But it goes deeper than that – we talked about what happens if our fat is our fault, but what if our poor health is our fault? Well, that’s what’s happening and we get to choose how to deal with that within our situation (and let’s be clear that everyone in our society does not have access to the same options and choices). Regardless, it’s nobody else’s business unless we choose to make it their business. Nobody is obligated to choose healthy habits, by any definition. It’s none of anybody else’s business how highly we prioritize our health or what our habits are. We do not owe anybody else “healthy” no matter what size we are.

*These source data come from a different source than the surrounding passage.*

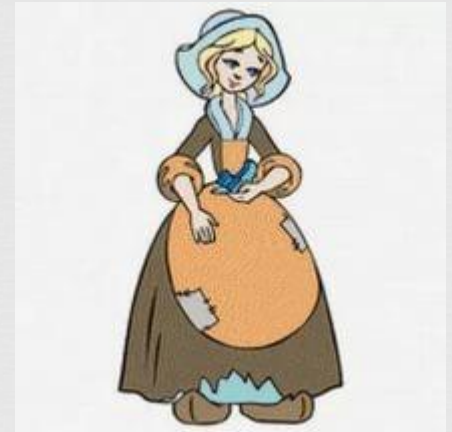
Die goldene Gans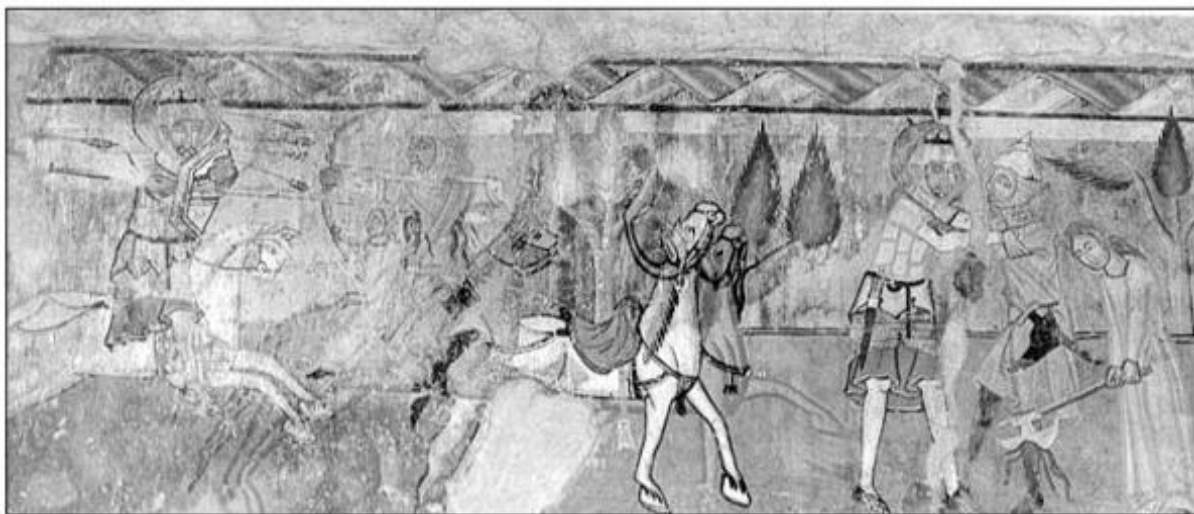
Gelencei (Ghelința) római katolikus templomban lévő falfestmény. 273

A középkori magyar múlt értékes emlékei a Szent László legendát megjelenítő, korunkig fennmaradt, illetve tudományos dokumentációkból ismert falképek. A történelmi Magyarország harmincnegyedik templomából ismeretesek ilyen emlékek. 272 E szám még bővíthet, az eddig ismert képek jelentős részét is meszelés alól tárták fel az elmúlt száz évben. Igyekeztem jelen előadásomban jellemző példákat bemutatni a 13. század vége és a 15. század vége közötti időszakban továbbélő ősi magyar fegyverzeti- és viseleti emlékekről. Olyan materiát kutattam, amely elsődlegesen a magyarsághoz később kapcsolódó keleti jellegű, csak később feudizálódó népek, így a kunok, besenyők körében volt általános.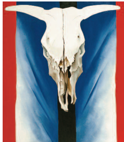
5.) Cow's Skull - Red, White, and Blue , 1931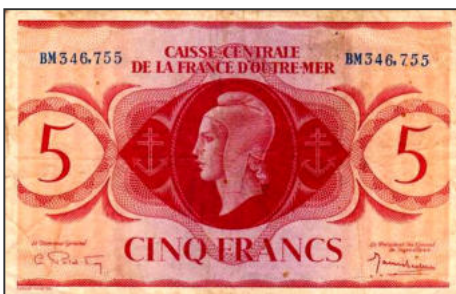
B-18 - Emission pour l'Afrique Equatoriale Française Vente alpes-collections.com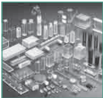
石英精密加工製品 (製品は一辺の長さが数ミリ mm ～数10ミリ mm です)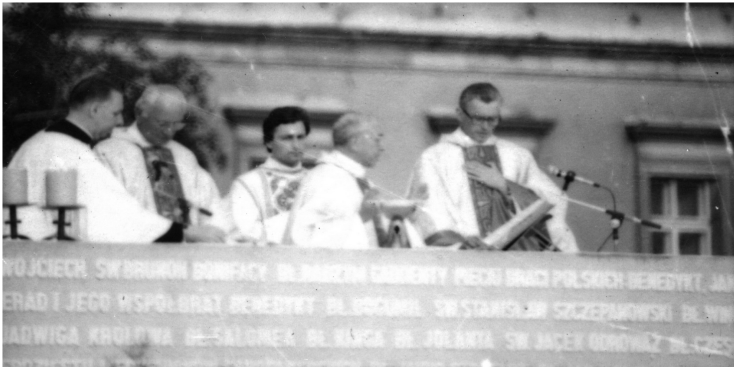
Uroczystości pogrzebowe, msze i modlitwy w intencji zmarłego prymasa polski ks. kard. Stefana Wyszyńskiego. Po środku kardynał Agostino Casaroli, pierwszy z prawej arcybiskup Franciszek Macharski, 31 maja 1981 r.

https://przystanekhistoria.pl/pa2/tematy/transformacja-ustrojowa/43069,Kardynal-Franciszek-Macharski-1927-2016.html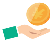
代行手数料 (ナンバープレート再取得に係る費用)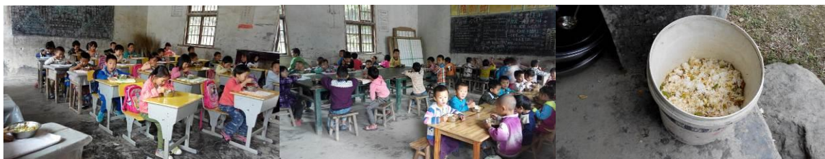
图 15 用餐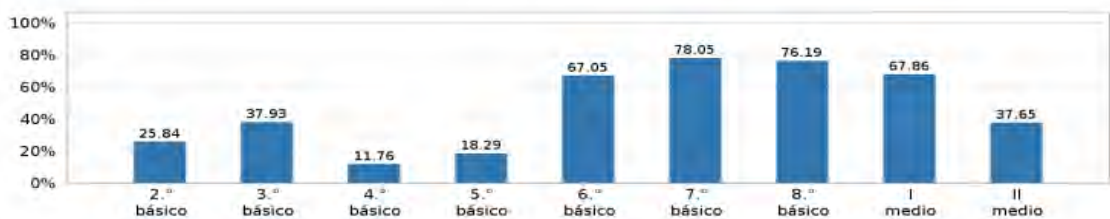
Gráfico 1.2 Porcentaje de estudiantes de cada grado que requiere mayor apoyo en Matemática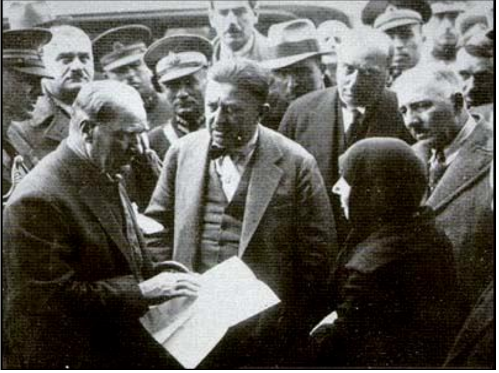
Kayseri'de bir kadının sorunlarıyla ilgilenirken ( Kasım 1930 )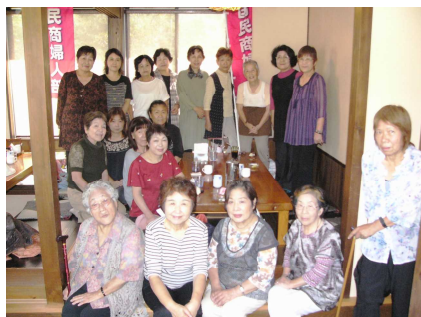
ました。婦人部員14人と、商工新聞読者4人に事務局1人と、会場の新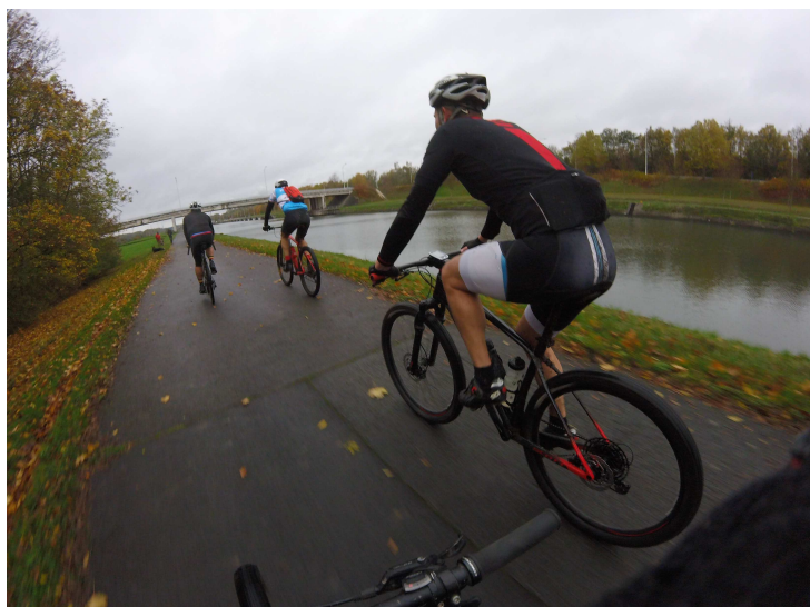
Récupération sur le halage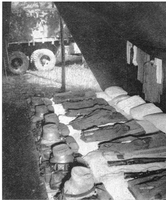
Plankenordnung der Pzj.Rep.Kp.

Die Kaderausbildung ist normal. Die Zugführer der Reparaturzüge werden nach Zivilberuf und Eignung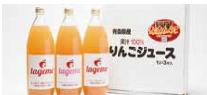
株式会社 那由多のりんご園

最高級フルーツ店銀座千足屋の看板商品です。5品種のりんごを皮ごと絞った深みのあるジュースです。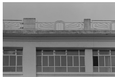
Détail de la balustrade bordant la terrasse.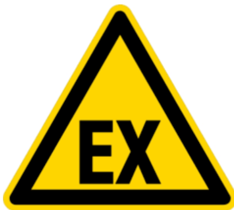
Slika 4: Oznaka EX [8].

Procjena rizika je važan čimbenik u sprječavanju požara i eksplozija. Ona donosi vrlo bitna poboljšanja u samom radnom procesu i osigurava sigurnost radnika i tvrtke.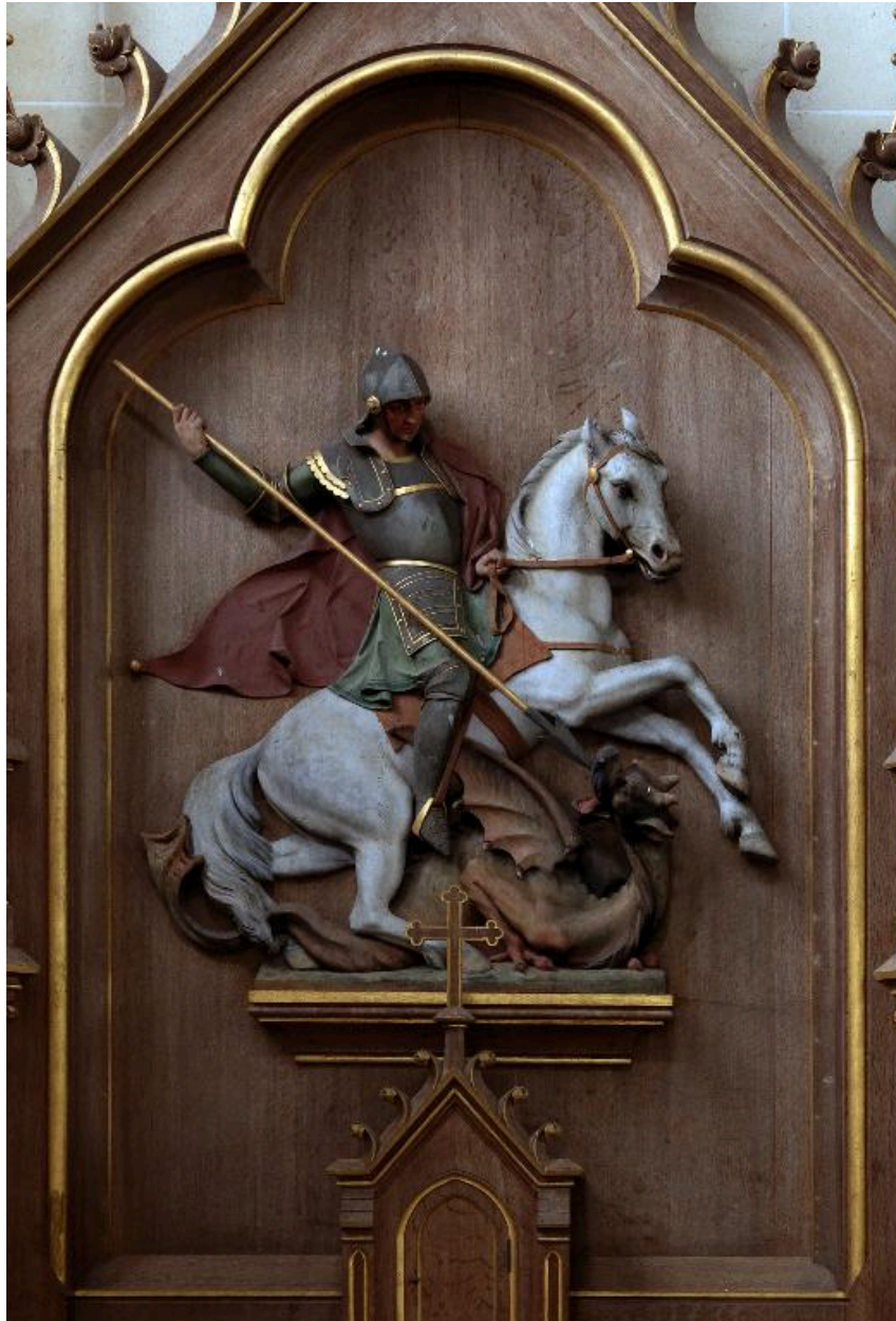
Bas-relief du retable de l'autel Saint-Georges : saint Georges terrassant le dragon.

There are all kinds of things that people of all sizes choose that don’t necessarily prioritize our health – People are allowed to jump out of helicopters wearing skis, drink two bottles of vodka a day, forgo sleep, attempt to climb mountains that nobody has ever climbed, not look both ways before crossing the street etc. But nobody is suggesting that people who don’t get enough sleep should lose their healthcare or pay more for health insurance. My point is that this “naughty fatties need to be punished” talk is often, if not always, about trying to justify bigotry. It’s also often done by people who insist that they should get a say in how other people live, but without any interest in people telling them how to live.
When it comes to telling other people how to live, I think it’s a bad idea. I think that if we’re interested in public health, we should work to make sure that everyone has good information and options, and then respect other people’s choices just like we want our choices to be respected.